Quasi come in sala, senza occhialini 3DGraficamente i passi avanti rispetto al primo capitolo sono davvero pochi, quindi sapete già cosa dovete aspettarvi dall’utilizzo “made in Konami” del motore Unreal: ambienti non molto dettagliati e simili tra loro e animazioni non eccezionali. Nonostante questo, come già accennato le atmosfere dei film sono rese alla perfezione, grazie a una scelta cromatica scura e al frequente utilizzo dei cliché della pellicola quali le televisioni in cui compare Jigsaw o i suoi stessi costumi. Il sonoro è forse l’aspetto migliore della produzione (ancora una volta), perché a doppiare Jigsaw ci pensa nuovamente l’interprete originale (ovviamente in inglese) e anche le voci degli altri protagonisti sono ottimamente campionate. Insomma, se siete amanti della serie cinematografica e non vi siete persi neanche un episodio questo SAW 2: Flesh&Blood potrebbe a tratti rappresentare per voi un’interessante esperienza ludica, ma solo se saprete soprassedere i difetti che vi abbiamo descritto. Tutti gli altri sanno dove andare a pescare survival horror decisamente migliori.

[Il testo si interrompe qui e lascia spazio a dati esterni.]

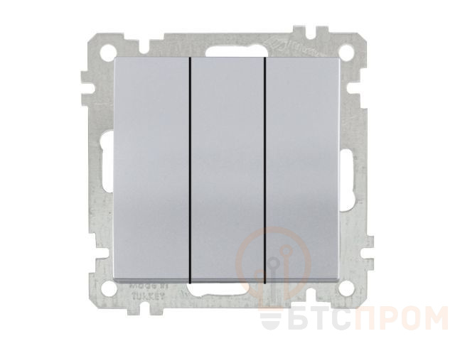 Выключатель 3-клав. (скрытый, винт. зажим) серебро, ELITRA, MUTLUSAN (10 A, 250 V, IP 20) 2270 409 0292

– Atmosfere del film ricreate alla perfezione

– Sistema di controllo migliorato

– Alcuni buoni puzzle ed enigmi…

– Utilizzo dei QTE esagerato

– Sistema di check point da rivedere

– …altri presto tediosi e ripetitivi

6.3

Inutile far finta di nulla: SAW 2: Flesh & Blood lascia l’amaro in bocca. Con un minimo di varietà in più e con una maggior cura in dettagli non trascurabili come i QTE e i punti di salvataggio, ci troveremmo di fronte ad un survival horror in grado di competere adeguatamente con i suoi concorrenti dell’attuale generazione. Così com’è paga invece alcuni difetti di gioventù da cui evidentemente Konami non ha imparato a difendersi, e si relega ad un target composto dai soli fan della serie cinematografica. A loro il gioco piacerà perché ritroveranno tutto ciò che si aspettano da un film di SAW, però dovranno scontrarsi con i difetti evinti in fase di recensione. Se invece non siete appassionati delle manie di Jigsaw, lasciate perdere e soddisfate la vostra voglia di paura altrove.